Data provided section start
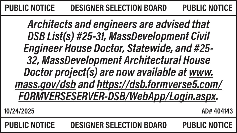Oct 24, 2025. Commonwealth of Massachusetts Designer Selection Board Notices Ads from The Berkshire Eagle ShopLocal
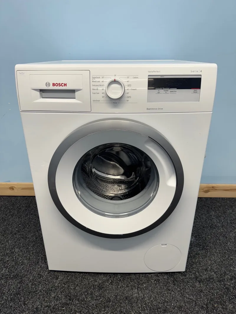 The Bosch WAN28080GB is a reliable 7kg washing machine built with German engineering and designed to deliver quiet, efficient laundry care. Its sleek white exterior and compact footprint make it a great fit for modern homes. With a 1400rpm spin speed, it ensures clothes dry faster after every wash.
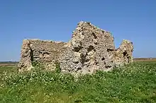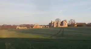 The site of the Leiston old abbey is identified with that of a ruined chapel at Minsmere, which stands near the sea on a marsh-girt island approached by a causeway from Eastbridge.[12] This belief, long uncertain, gained support from aerial photography which appeared to show cropmarks suggesting an extensive complex there.[13] It has since been shown that the chapel was not part of the original abbey, but was constructed on the site of the original monastery church soon after its removal in 1363.[14][15] The suggestion was made by Alfred Suckling in 1848 that Ranulf may have chosen a site which had been used for religious purposes in Anglo-Saxon times.[16]
Data provided section end
#### [Task item]
Restate the material word for word from its first line through the line containing "The Bosch WAN28080GB", both included; the pictures do not belong in it.

#### [Answer area]
Oct 24, 2025. Commonwealth of Massachusetts Designer Selection Board Notices Ads from The Berkshire Eagle ShopLocal
 The Bosch WAN28080GB is a reliable 7kg washing machine built with German engineering and designed to deliver quiet, efficient laundry care. Its sleek white exterior and compact footprint make it a great fit for modern homes. With a 1400rpm spin speed, it ensures clothes dry faster after every wash.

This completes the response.